**The task**
Write out nothing but the lines from the first line of the entries below through the line with "близко подходящая к"; no pictures go in.

**Provided data**

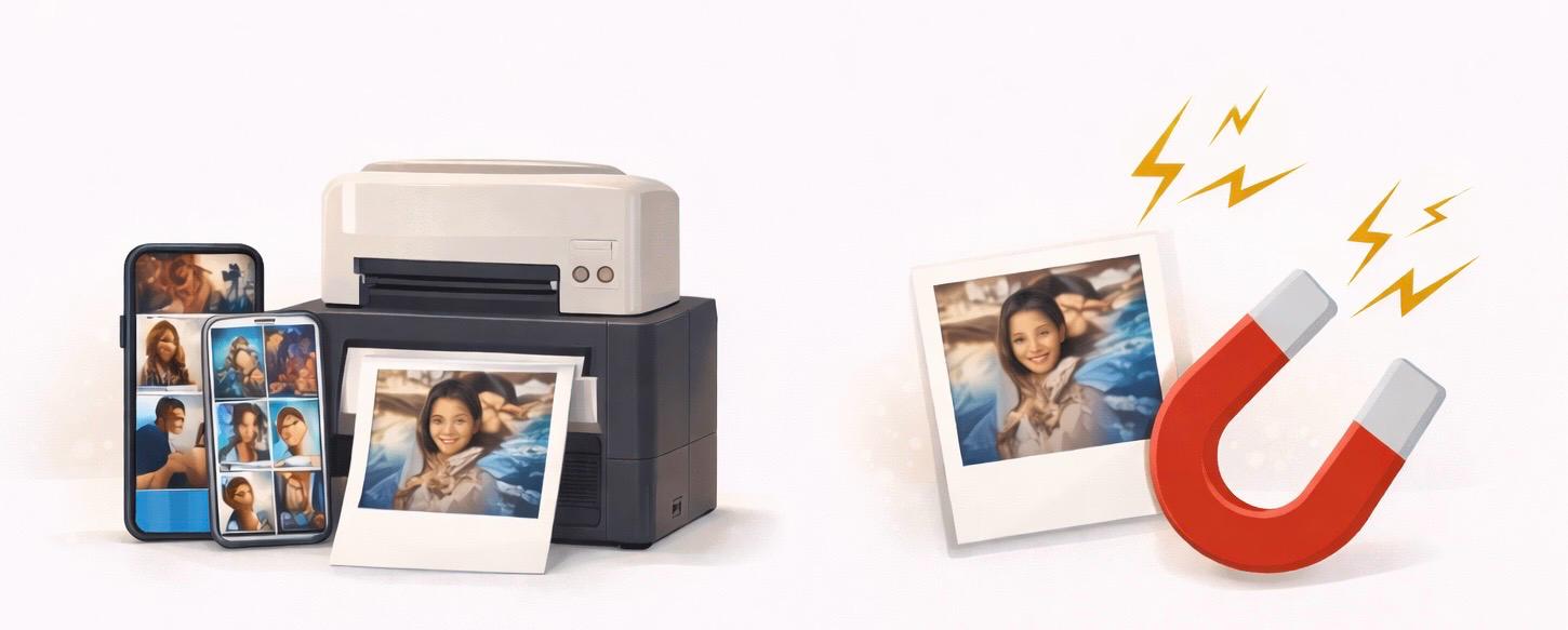 Impression instantanée de photos ou magnets, lancée en Wi-Fi depuis le smartphone.
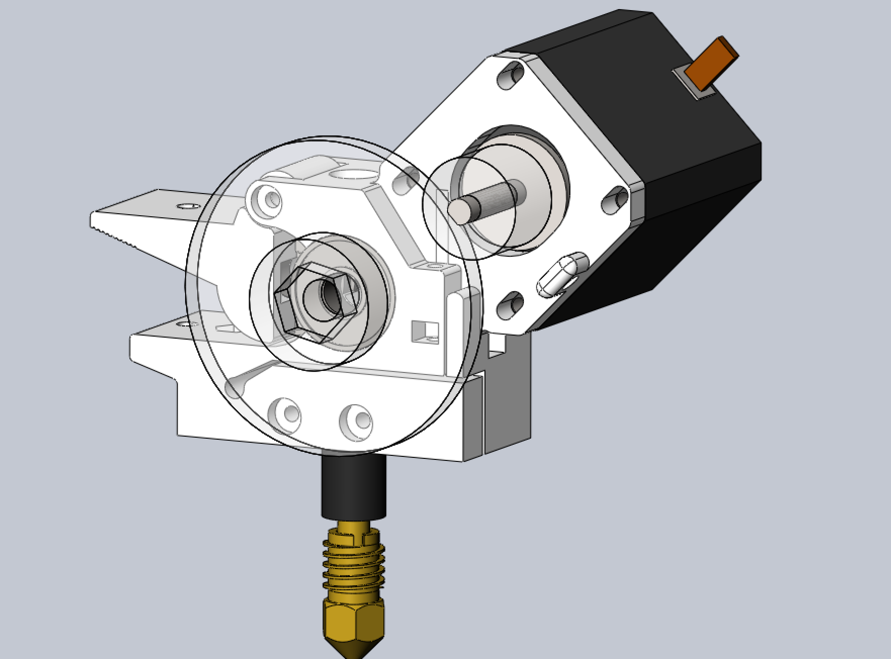 близко подходящая к болту подачи горловина канала прутка позволяет печатать гибкими материалами типа FLEX
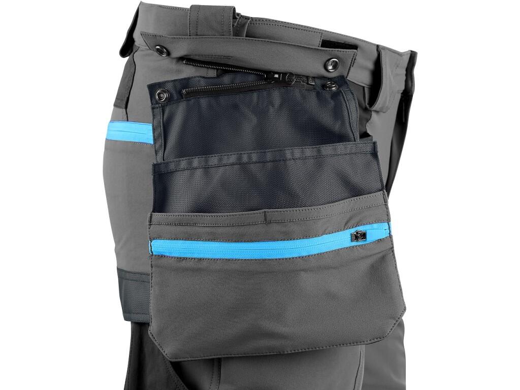 Men’s working trousers with modern narrow cut of legs with contrasting color and reflective accessories. The 4-way stretch construction allows material to be stretched in all 4 directions and hence easy and free movement. The high percentage of nylon guarantees fast drying. The trousers are equipped with flexible waist with adjustable size and belt loops, 2 front pockets, 2 detachable tool pockets reinforced with CORDURA®, thigh zipper pocket with removable ID card holder, multifunctional side pocket, 2 back pockets at the bottom reinforced with CORDURA®, zipper ventilation on the thighs, knees reinforced with CORDURA® with the opening for knee pads, leg bottom reinforced with CORDURA®. The trousers are equipped with the EASY-PROLONG system, which allows easy extension of the cut to a taller figure by releasing the seam on the legs. Recommended application: engineering, construction, light industry, automotive, logistics, warehouse, spedition, car services, maintenance, assembly, agriculture, gardening, hobby and leisure.
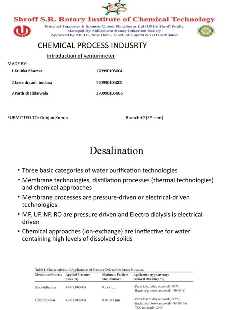 • Membrane technologies, distillation processes (thermal technologies)
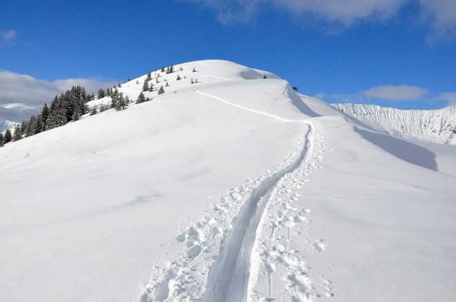 Au col vers le lac, à l'altitude 1869 m. Jeux de lumières sur la neige.
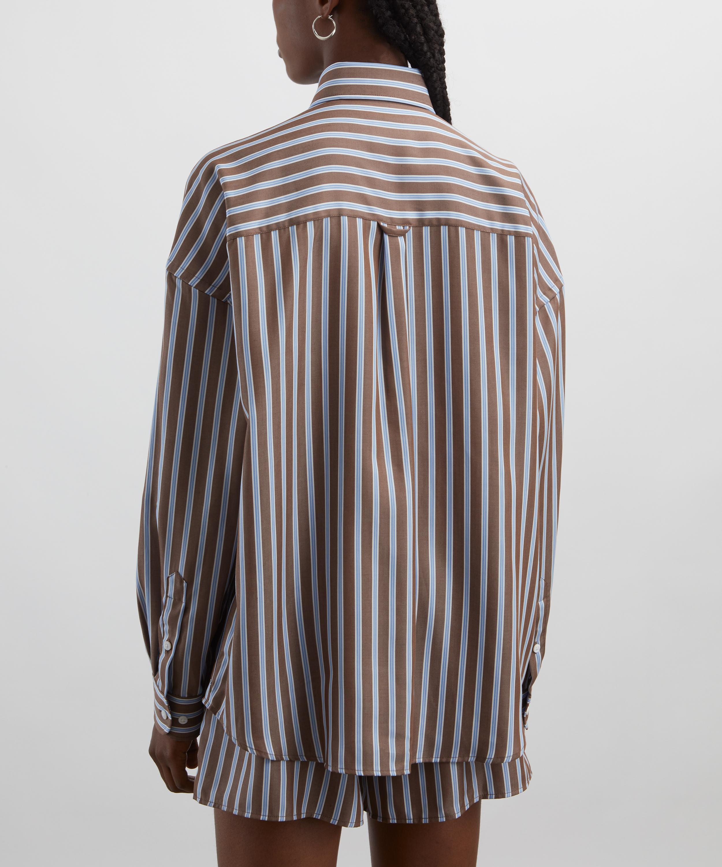 Boasting the perfect addition to your capsule wardrobe, London-based brand With Nothing Underneath presents The Weekend Mocha Multi-Stripe Shirt.
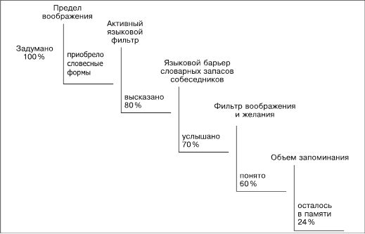 Потери при вербальном сообщении показаны на схеме, разработанной П. Мицичем (рис. 7.4.1 [5]).
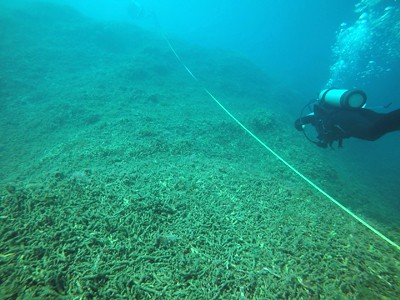 | In Dominica, a large area of fragile branching corals was flattened by hurricane waves |
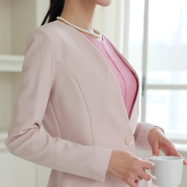 골드팁 버튼으로 잘록한 허리 라인을 잡아주었어요
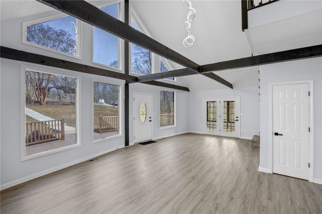Back on the market - no fault of the seller. Fountain Inn, SC – Renovated 3BR/2BA on 3 Acres. Surrounded by mature trees, this beautifully updated home offers a private setting and 1,000 sqft of deck space to enjoy the outdoors. Inside, you’re welcomed by soaring 20-foot ceilings and grand windows that create a bright, open main living area, flowing seamlessly into the sunroom and upstairs to the primary bedroom. Additional highlights include a large basement storage room and two storage sheds, providing ample space for tools, hobbies, or equipment. Recent upgrades include a newer roof, updated electrical, new moisture barrier, fresh interior and exterior paint, all new flooring, quartz countertops, and fully updated bathrooms. 242 Hawk Lane truly has it all. Call today and don’t miss your opportunity to call this home —it won’t last long!
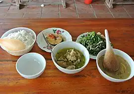 The meal almost always consists of a large helping of rice, boiled or pickle vegetables, soup, and some choices of meat.[1] Possible side dishes may include pork, beef, chicken, eggs, fish, grains, vegetables, tofu, soups, broths, etc. It is often eaten with chopsticks and a spoon.[2]
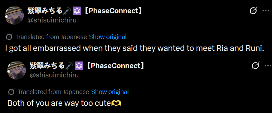 ▼ Phase Connect LinksOfficial Website: https://phase-connect.comOfficial Schedule: https://schedule.phase-connect.comOfficial Twitter: https://x.com/PhaseConnect | https://x.com/PhaseConnectJPOfficial Character References: https://rentry.org/pcgreferencesOfficial Twitch Archive Channels: https://rentry.org/pcgtwitcharchiveUnofficial Phase Connect Archives: https://rentry.org/pcgunofficialarchive––––––––––––––––––––––––––––––––––◆【Lia】https://x.com/rinkouashelia | https://youtube.com/RinkouAshelia | https://twitch.tv/asheliarinkou◆【Utatane Nasa】転寝ナサ (JP) https://x.com/UtataneNasa | https://youtube.com/UtataneNasa | https://twitch.tv/utatanenasa◆【Hakushika Iori】白鹿いおり (JP + EN) https://x.com/hakushikaiori | https://youtube.com/HakushikaIori | https://twitch.tv/iorihakushika◆【Fujikura Uruka】https://x.com/fujikurauruka | https://youtube.com/FujikuraUruka | https://twitch.tv/fujikurauruka◆【Shisui Michiru】紫翠みちる (JP) https://x.com/shisuimichiru | https://youtube.com/ShisuiMichiru | https://twitch.tv/michiru_shisui◆【Tenma Maemi】https://x.com/tenmamaemi | https://youtube.com/TenmaMaemi | https://twitch.tv/tenma◆【Pipkin Pippa】https://x.com/pipkinpippa | https://youtube.com/PipkinPippa | https://twitch.tv/pippa––––––––––––––––––––––––––––––––––◆【Kaneko Lumi】https://x.com/kaneko_lumi | https://youtube.com/KanekoLumi | https://twitch.tv/kanekolumi◆【Fuura Yuri】[Terminated] https://x.com/AmarisYuri | Archive: https://youtube.com/@TheNationalFuuraYuriArchive◆【Dizzy Dokuro】https://x.com/dizzydokuro | https://youtube.com/@dizzydokuro | https://twitch.tv/dizzydokuro◆【Jelly Hoshiumi】https://x.com/jellyhoshiumi | https://youtube.com/@jellyhoshiumi | https://twitch.tv/jellyhoshiumi◆【Ember Amane】https://x.com/emberamane | https://youtube.com/@EmberAmane | https://twitch.tv/emberamane◆【Clio Aite】https://x.com/ClioAite | https://youtube.com/@ClioAite | https://twitch.tv/clioaite◆【MariMari_en】https://x.com/MARIMARI_EN | https://youtube.com/@MARIMARI_EN | https://twitch.tv/marimari_en◆【Eepy Sleepy】https://x.com/EepySleepyCh | https://youtube.com/@EepySleepyCh | https://twitch.tv/EepySleepy––––––––––––––––––––––––––––––––––◆【Remilia Nephys】https://x.com/Remilia_Nephys | https://youtube.com/RemiliaNephys | https://twitch.tv/remilianephys◆【Chisaka Airi】https://x.com/ChisakaAiri | https://youtube.com/ChisakaAiri | https://twitch.tv/chisakaairi◆【Amanogawa Shiina】https://x.com/AmanogawaShiina | https://youtube.com/AmanogawaShiina | https://twitch.tv/amanogawashiina◆【Himemiya Rie】https://x.com/HimemiyaRie | https://youtube.com/HimemiyaRie | https://twitch.tv/himemiyarie◆【Erina Makina】https://x.com/ErinaMakina | https://youtube.com/ErinaMakina | https://twitch.tv/erinamakina◆【Komachi Panko】https://x.com/komachipanko | https://youtube.com/KomachiPanko | https://twitch.tv/komachipanko––––––––––––––––––––––––––––––––––◆【Runie Ruse】https://x.com/RunieRuse | https://youtube.com/@RunieRuse | https://twitch.tv/RunieRuse◆【Eimi Isami】https://x.com/eimiisami | https://youtube.com/@eimiisami | https://twitch.tv/eimiisami◆【Muu Muyu】https://x.com/Muu_Muyu | https://youtube.com/@MuuMuyu | https://twitch.tv/MuuMuyu◆【Hikanari Hina】https://x.com/HikanariHina | https://youtube.com/@HikanariHina | https://twitch.tv/HikanariHina◆【Saya Sairroxs】[Graduated] https://x.com/sayasairroxs | https://youtube.com/@sayasairroxs | https://twitch.tv/sayasairroxs––––––––––––––––––––––––––––––––––◆【Kannagi Loki】巫ロキ (JP) https://x.com/kannagiloki | https://youtube.com/@kannagiloki ◆【Kokoromo Memory】[Graduated] https://x.com/kokoromomemory | https://youtube.com/@kokoromomemory_ | https://twitch.tv/kokoromomemory◆【Gram Pico】倉夢ぴこ (JP) https://x.com/grampico_ | https://youtube.com/@grampico | https://twitch.tv/grampico◆【Ayase Yuu】絢世ユウ (JP) https://x.com/ayaseyuuu | https://youtube.com/@ayaseyuu | https://twitch.tv/ayaseyuu_◆【Kaminari Clara】歌美鳴クララ (EN + JP) https://x.com/kaminariclara_ | https://youtube.com/@kaminariclara | https://twitch.tv/kaminariclara––––––––––––––––––––––––––––––––––◆【Malice Evermore】https://x.com/MaliceEvermore | https://youtube.com/@maliceevermore | https://twitch.tv/maliceevermore◆【Nitya Nil】https://x.com/Nitya_Nil | https://youtube.com/@Nitya_Nil | https://twitch.tv/nitya_nil◆【Wilhelmina Frost】https://x.com/wilhelminafr0st | https://youtube.com/@wilhelminafrost | https://twitch.tv/wilhelminafrost◆【Bibi Biscuit】https://x.com/BibiBiscuitCh | https://youtube.com/@bibibiscuitch | https://twitch.tv/bibibiscuitch◆【Anya Nyabyss】https://x.com/AnyaNyabyss | https://youtube.com/@AnyaNyabyss | https://twitch.tv/anyanyabyss◆【Sinon Sinfonia】https://x.com/SinonSinfonia | https://youtube.com/@SinonSinfonia | https://twitch.tv/sinonsinfoniaPrevious Thread: >>109496992
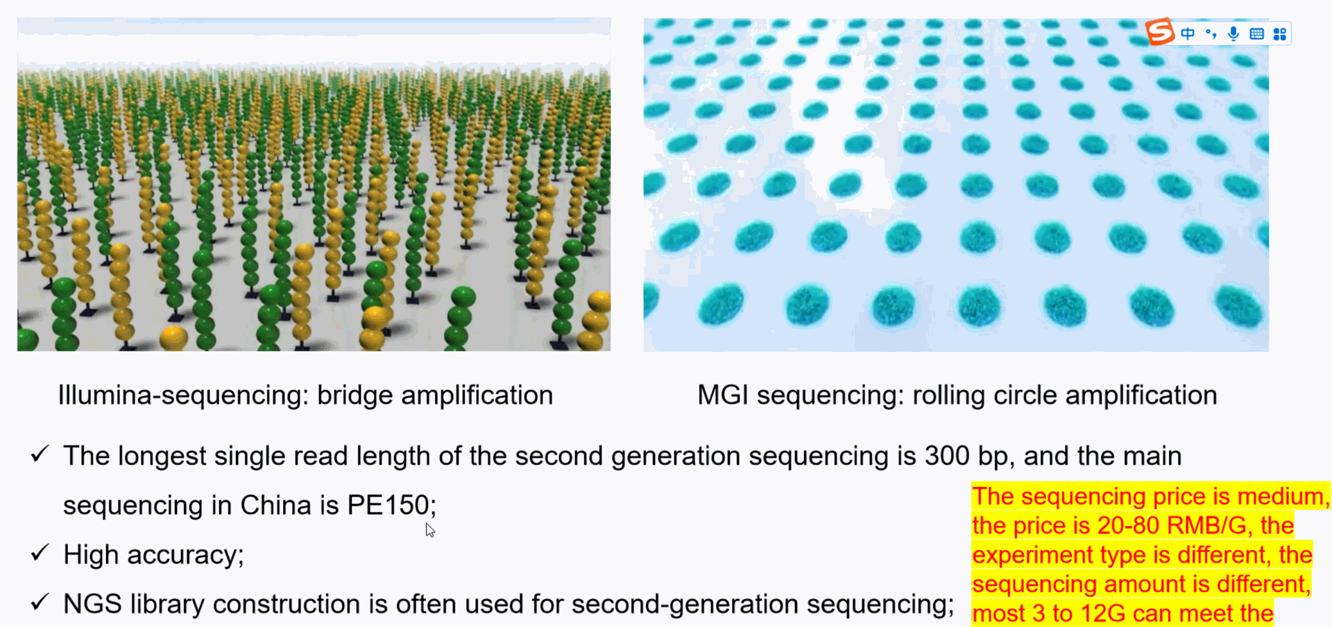 - - **Accuracy**: Sanger and Illumina are highly accurate, PacBio is accurate with post-processing, and Oxford Nanopore has lower initial accuracy but is improving.
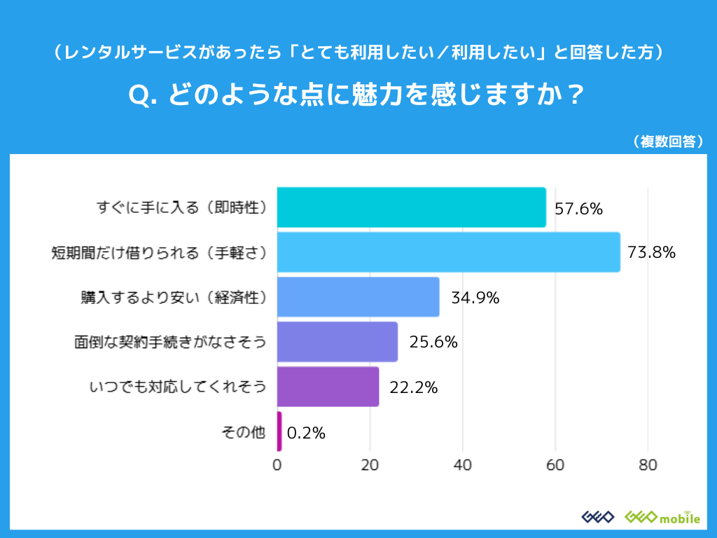 もしもの時に即日~数日で必要な期間だけスマホを借りられる「レンタルサービス」に対し、「とても利用したい(10.8%)」「利用したい(26.7%)」を合わせて37.5%が利用に前向きな姿勢を示しました。魅力に感じる点としては「短期間だけ借りられる(73.8%)」「すぐに手に入る(57.6%)」が高く、「購入するより安い(34.9%)」という経済性も評価されています。一時的な代替機としてのニーズや、手続きのスピード感が求められていることがわかります。

**Solution below**
 Impression instantanée de photos ou magnets, lancée en Wi-Fi depuis le smartphone.
 близко подходящая к болту подачи горловина канала прутка позволяет печатать гибкими материалами типа FLEX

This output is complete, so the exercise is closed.